Une autre limite potentielle se trouve dans l’approche méthodologique de nos articles. En effet, trois d’entre eux ont suivi une méthodologie de type phénoménologique et cela a sans doute orienté notre lecture et notre interprétation. Comme le disent Reeves, Albert, Kuper & Hodges (2008), beaucoup de filtres peuvent être appliqués à un problème, chacun se focalisant sur un aspect différent de ce problème (traduction libre, p. 631). Ces théories, telle que la phénoménologie, donnent aux chercheurs

différentes « lentilles » à travers lesquelles on peut considérer des problèmes compliqués ou des phénomènes de société (Reeves et al., 2008, traduction libre, p. 631). Ainsi, selon Anadón (2006) :

Au lieu d’être explicative, en étudiant les faits et les significations que les sujets donnent aux phénomènes, la méthode phénoménologique est essentiellement descriptive et compréhensive. Ce qui différencie cette approche d’autres approches qualitatives [, c’] est qu’elle met l’accent sur le vécu de l’individu et sur l’expérience subjective. (p. 19)

Dans cette revue de la littérature, nous ne faisons donc pas d’analyse des questions éthiques sous l’angle des rapports de pouvoir dans la hiérarchie médecin − infirmier ou en fonction de la classe sociale du patient, par exemple, mais il s'agit bien là d'un report du vécu des protagonistes dans leur milieu professionnel.

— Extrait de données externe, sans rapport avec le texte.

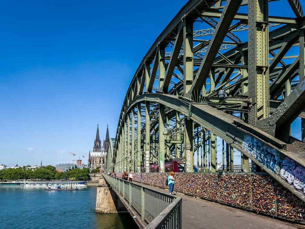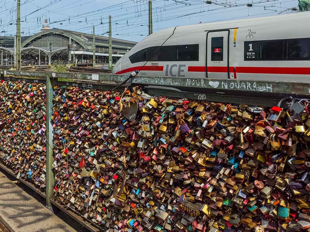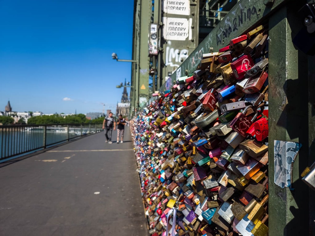The Hohenzollern Bridge crosses the Rhine, and rumbles with the weight of 1,200 trains a day as they arrive and depart from the Cologne central station (Köln HBF). The fences between the pedestrian walkways and the trains are laden with love locks, more than we’ve ever seen on a bridge. They grow up the posts like ivy, in dripping clusters from cable and chain locks, wherever a place to loop a lock can be found. The fence around the plaza at the downtown end of the bridge seems to be taking the overflow, perhaps starting a new trend with some posts sporting only a single lock so far, but others showing signs that they, too, will soon be completely encased.

Enfin, le dernier point concerne la qualité. Les trois articles évalués, comme expliqué précédemment, souffrent de quelques faiblesses. Dans les trois cas, la question de recherche n’est pas clairement explicitée, bien que l’idée générale de l’étude soit mentionnée. Dans la méthode des trois articles, plusieurs insuffisances sont à relever : le rôle des chercheurs n’est pas exposé ; il n’y a aucune mention de critères d’inclusion ou d’exclusion lors du choix des sujets de l’étude ; les éventuels refus ou abandons ne sont pas mentionnés ; les auteurs ne font nulle part état d’une éventuelle saturation des données. Le lieu et la date du recueil des données ne sont pas non plus précisés pour les études de Sørlie et al. (2000) et Sørlie et al. (2001). Dans les discussions des trois articles, les auteurs respectifs n’émettent pas d’opinion critique sur les résultats obtenus et ne font aucunement état de potentiels biais. Finalement, aucun des trois articles ne propose de pistes de recherches futures. Ces différents points péjorent l’évaluation de la qualité de nos articles, certes, mais sont toutefois très similaires d’un article à l’autre. Il n’y a donc pas d’article de qualité supérieure aux autres de ce point de vue.

Conscientes de ces points faibles, nous avons tenté de mener un travail rigoureux et méticuleux afin de ne pas perdre davantage de qualité par une méthodologie de recherche et une analyse des résultats approximatives. Ces limites inhérentes à la littérature à disposition sont malheureusement des facteurs sur lesquels nous n’avons aucune emprise, si ce n’est de changer de sujet d’étude.